И Руцина уступила ему, радуясь счастью, выпавшему и на ее долю в эту победную Святовитову ночь...

Проснувшись к полудню следующего дня, оба не спешили вставать.

- Ты возмужал, мой повелитель. - Руцина губами дотронулась до шрама на правом плече мужа. - А это откуда, когда ты был ранен?

Князь не ответил на ее последний вопрос, но глаза его на минуту потеплели. Он положил руку на грудь своей возлюбленной, рассмеялся и спрятал лицо в ее волосах.

Руцина не отстранялась от ласк, но вдруг брови ее нахмурились. Князь почувствовал перемену в ее настроении.
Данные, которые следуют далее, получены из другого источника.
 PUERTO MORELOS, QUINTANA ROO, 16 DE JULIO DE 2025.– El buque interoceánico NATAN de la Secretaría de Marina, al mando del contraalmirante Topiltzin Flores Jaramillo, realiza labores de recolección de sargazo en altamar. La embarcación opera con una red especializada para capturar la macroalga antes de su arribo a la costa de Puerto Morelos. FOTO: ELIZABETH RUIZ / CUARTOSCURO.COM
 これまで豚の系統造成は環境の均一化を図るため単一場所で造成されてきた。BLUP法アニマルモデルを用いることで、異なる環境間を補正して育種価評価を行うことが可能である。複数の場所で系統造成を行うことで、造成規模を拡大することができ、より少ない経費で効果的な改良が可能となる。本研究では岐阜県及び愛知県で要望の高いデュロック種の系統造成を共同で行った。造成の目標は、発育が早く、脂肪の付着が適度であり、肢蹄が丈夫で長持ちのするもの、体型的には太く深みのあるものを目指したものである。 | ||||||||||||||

- Что? - недовольно спросил он. - Что-нибудь случилось? Больна маленькая Рюриковна?

- Нет, мой дорогой, - поцеловав мужа, ответила Руцина и встала с ложа. Она прикинулась крайне озабоченной, ибо ей нужно было, чтобы Рюрик, ее князь-малыш, понял, как важно то, что она сейчас ему скажет.
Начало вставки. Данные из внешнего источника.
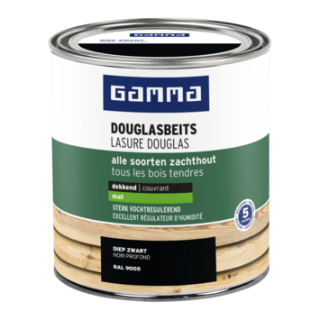 De GAMMA Douglasbeits mat RAL 9005 diep zwart 750 ml is een dekkende beits die bescherming biedt tot 5 jaar. Deze beits is perfect voor het behandelen van fijn bezaagde of glad geschaafde potdeksel planken van douglas, grenen, vuren, lariks en andere soorten zachthout. Schuren is niet nodig bij fijn bezaagd hout tussen de verflagen, maar oude verflagen moeten goed gereinigd worden voordat je gaat verven. De GAMMA Douglasbeits dringt diep in het hout en maakt het sterk vochtregulerend, weerbestendig en waterafstotend. Hoewel de beits de houtnerf afdekt, blijft het hout toch goed vochtregulerend. Het is niet nodig om het hout voor te behandelen met grondverf.

- Не тяни, Руц, - хмуро попросил он, сбросив с разгоряченного тела меховое покрывало. - Ты же знаешь, я терпеть не могу недомолвок.

- Тогда... - она потянулась к лавке и взяла брошенное на нее любимое серое полотняное платье с красной вышивкой на груди, - тогда выслушай меня и не сердись. - Руцина быстро нырнула в платье.
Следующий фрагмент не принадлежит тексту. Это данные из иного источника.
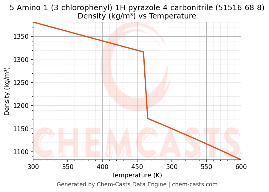 This page presents the temperature-dependent thermodynamic and transport properties of 5-Amino-1-(3-chlorophenyl)-1H-pyrazole-4-carbonitrile (CAS 51516-68-8) calculated at a constant pressure of 1 atm (101325 Pa) over the temperature range 250-500 K.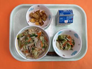 11/13 青菜と豚肉のあんかけ焼きそば のり塩ポテト くだもの(柿) 牛乳 (画像はありません。)

Рюрик поморщился: ему не хотелось видеть Руцину одетой.

- Сними с себя эту тряпку: мы так редко видимся, - хмуро пояснил он, вскочив с постели в мгновение ока, и снял с жены платье.

- Нет, нынче ты невыносим, - смеясь и слабо сопротивляясь, ответила Руцина, уже лежа в постели.

Рюрик ничего не ответил ей, а только жадно целовал, горячо и нежно ласкал любимое тело...



- Слава Христу! Ты наконец-то насытился," - счастливо улыбаясь мужу, устало проговорила Руцина.

Солнце, наверное, ушло на запад-Рюрик тяжело приподнял голову, с любопытством заглядывая в глаза жены.

Она отвернулась, тряхнула копной рыжих волос и попробовала встать, но Рюрик так крепко обнял ее, словно пригвоздил к постели, и хрипло потребовал:

- Ну-ка, повтори, моя дорогая, кого это ты сейчас славила?

Руцина повернулась под тяжелой рукой мужа лицом к нему, смело глянула в его глаза и четко сказала:

- Христа, бога иудейской бедноты!

- Та-ак, - протянул Рюрик и привстал, опершись на локоть, ктобы удобнее было наблюдать за женой.

"Значит, Верцин был прав, - угрюмо подумал князь, - предупредив меня о беседах миссионеров с моими женами... Руцина уже передо мной выступает в роли миссионерки. И она мне покоя не даст, я-то ее хорошо знаю... Закусила удила. Вон как неотрывно следит за выражением моего лица, думает, с чего начать", - размышлял про себя Рюрик, глядя на выжидательную позу жены.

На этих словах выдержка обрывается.